Martha tiene una paciencia infinita. Aunque algunos le hablan con rudeza o le levantan la voz a causa de su demencia o depresión, ella siempre responde en tono suave y ve antes el expediente para dirigirse a ellos por su nombre.

“Es importante que sientan la cercanía con nosotros porque hace que se relajen”.

Algunos pacientes entran contentos, detallándole a “su enfermera y amiga” las mejorías que han tenido con el tratamiento.

“Me alegra verlos bien. Aquí viene gente muy pobre, pero siempre me traen una galletita o algún dulce. Esos detalles me llenan”.

Una vez que termina de atender a los primeros de la fila, va corriendo a entregarles los expendientes a los médicos.

Es la última en irse porque deben esperar que los atiendan a todos para entregar los medicamentos. Además está pendiente de hacer los pedidos para abastecer la farmacia y entregar el material de limpieza. Cerca de la una o dos de la tarde, dependiendo de la cantidad de pacientes que tenga en el día, va a almorzar.

Se toma media hora de merienda y sale deprisa al obispado donde se reúne ocasionalmente, ya que es miembro activo de Caritas (organización humanitaria de la Iglesia Católica). “Nos toca planificar las actividades que tendremos en todo el año y encargarnos de los detalles de cada programación”.

Luego de la larga jornada, que dura poco más de cuatro horas, los pendientes son muchos. Sale a su casa a cambiarse para ir a la iglesia San Felipe. Allá también es la primera en llegar, pues tiene que arreglar el altar para que todo esté listo antes de la misa.

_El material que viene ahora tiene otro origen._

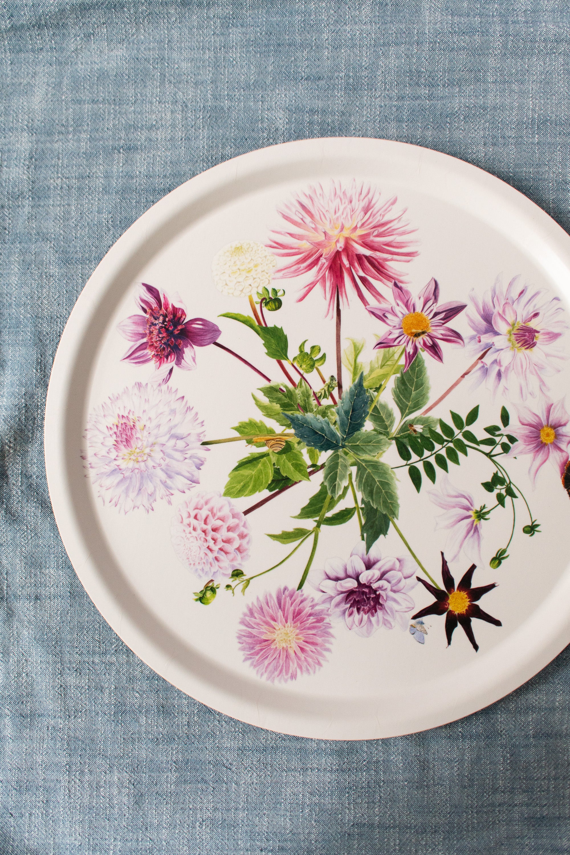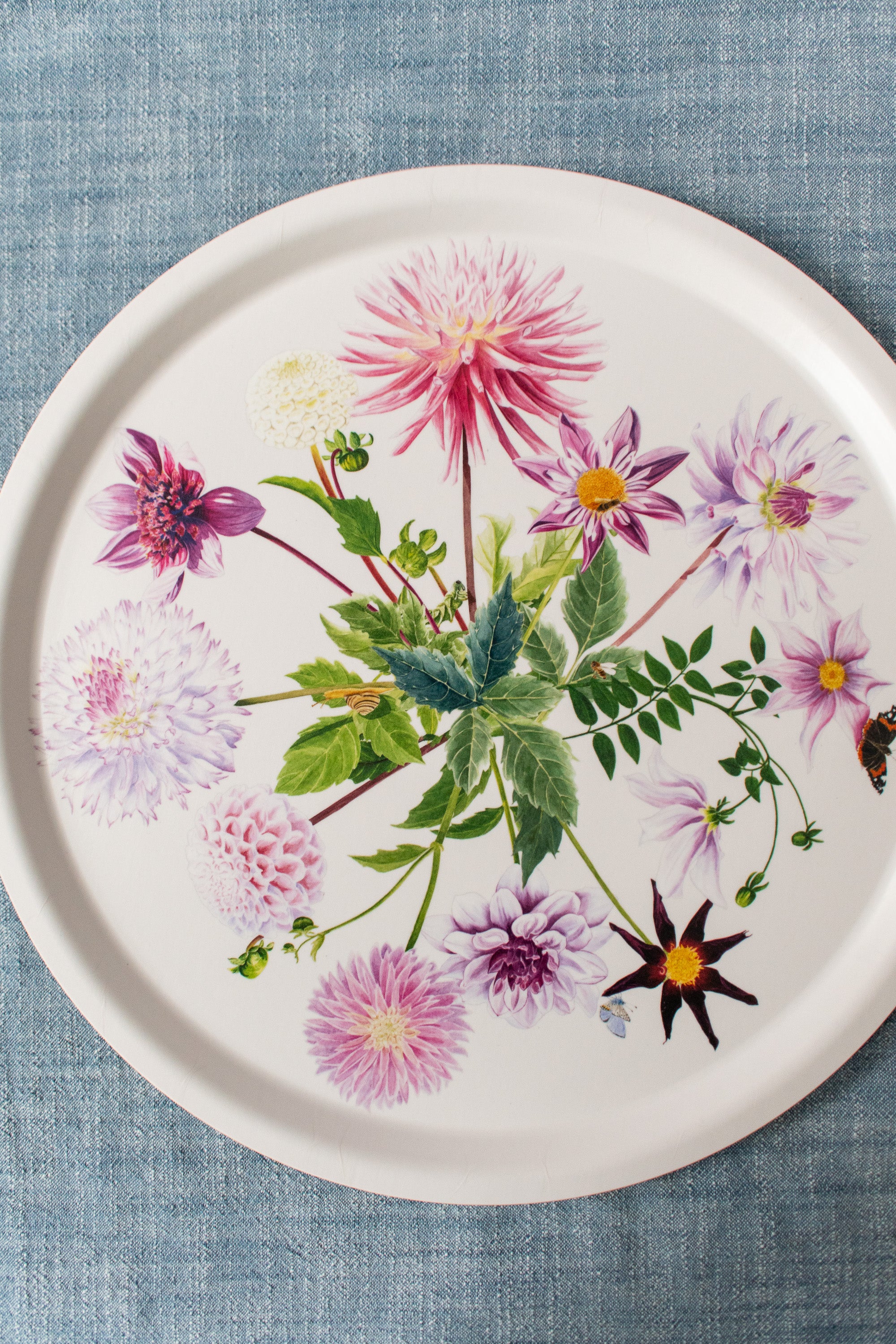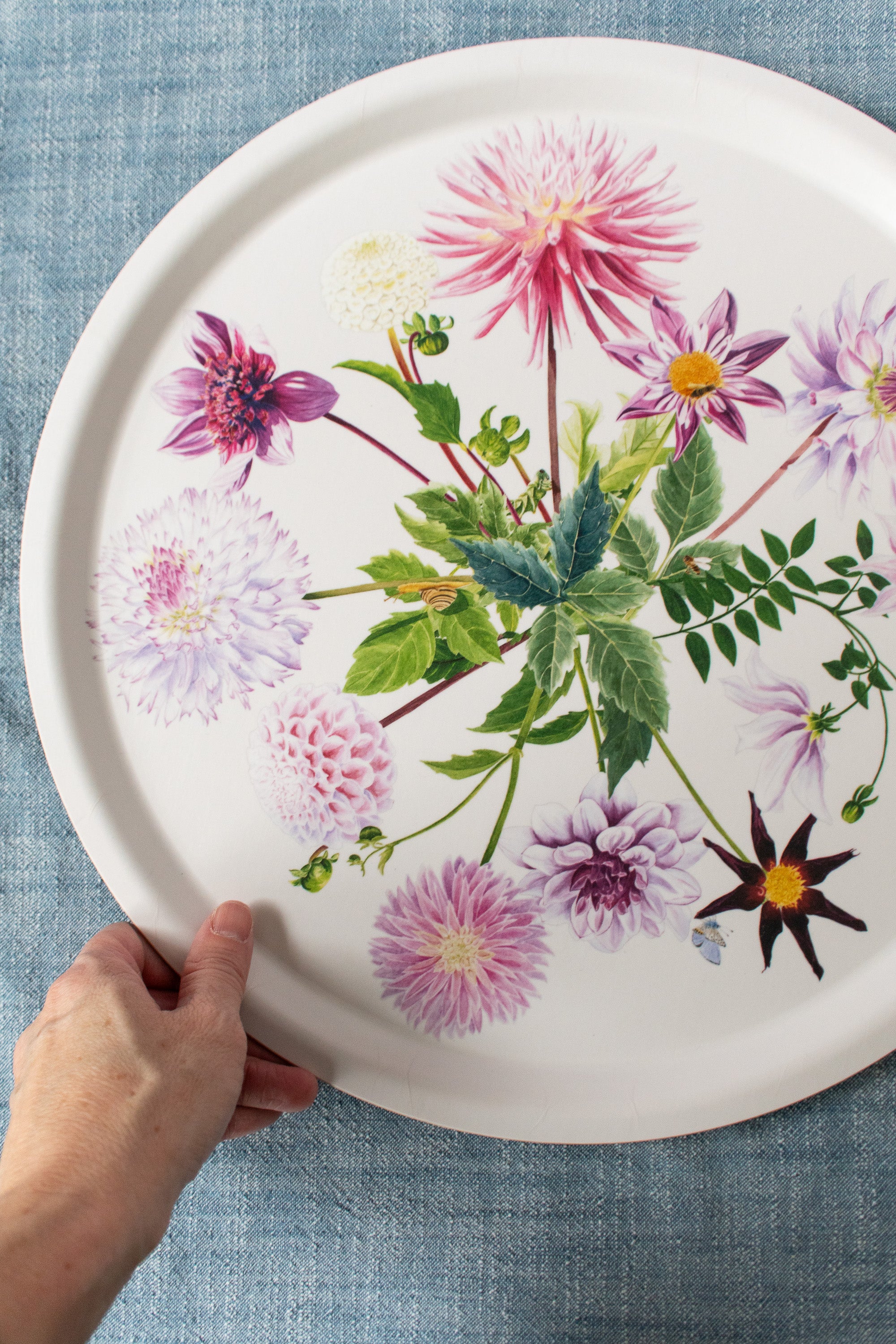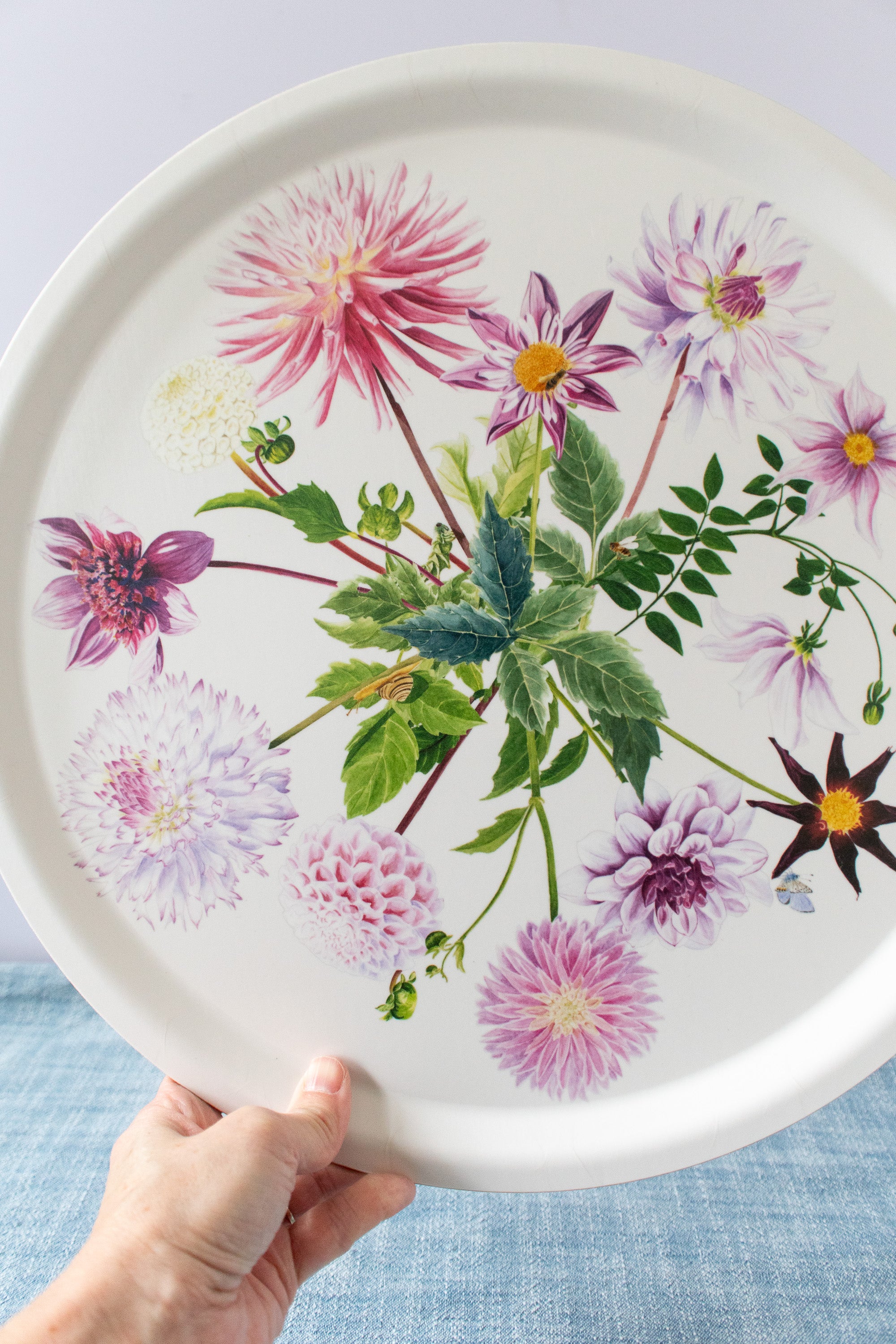 Wooden Serving Tray with Dahlia Illustration – A Beautiful Hostess Gift

Esta mujer dedica más de 16 horas diarias a ayudar al prójimo. Se levanta a las cuatro de la madrugada a orar y leer pasajes bíblicos y luego dedica 30 minutos a ejercitarse para tomar fuerza y sobrellevar sus organizadas jornadas. Dice que a veces le faltan horas al día para terminar tanta actividad.

Los fines de semana, cuando el hospital está cerrado, dedica tiempo a visitar a los enfermos desahuciados, ya que es ministra de la comunión en la Iglesia Católica. “No hay nada más importante que la gente muera dignamente, escuchando la palabra de Dios para prepararles el camino a la vida eterna”.

Recordó que muchas veces es despertada a medianoche por algún familiar de los enfermos que ella visita cuando están en agonía, pues quieren despedirse de su “amiga espiritual”. “Los ancianitos se alegran cuando me ven llegar. Les voy a leer la Biblia y a platicar con ellos”.

La dama de blanco es miembro activo de la Pastoral Diocesana de la Salud, la pastoral de toda la diócesis de San Pedro Sula, en la que tiene el puesto de fiscal.

“Sirvo pensado en Dios. No recibo salario de ningún lado. Gracias a Dios que me provee siempre, pues mi esposo me dejó algunos bienes con los que me mantengo”.

Dice que su vida era diferente antes de dedicar su tiempo a Dios. Para ella, la enfermería se debe estudiar por vocación y no por negocio.

“En ningún lugar del mundo está bien remunerada, pero lo más bello es traer un niño al mundo, cuidar con amor a los enfermos, saber que contribuimos a que muchas personas estén con vida”.

Quienes la conocen y saben de su labor aseguran que si existieran muchas Marthitas, el mundo sería mejor.

“Ella se distingue por su labor incansable, es entregada a su trabajo y a todo lo que hace”, dice el padre Alfonso Otero, representante de la orden hospitalaria San Juan de Dios en Honduras. En su apretada agenda también figuran las guarderías.

El deseo de servir de doña Martha, lejos de desaparecer, se aviva al ver los rostros de alivio y las sonrisas en sus pacientes.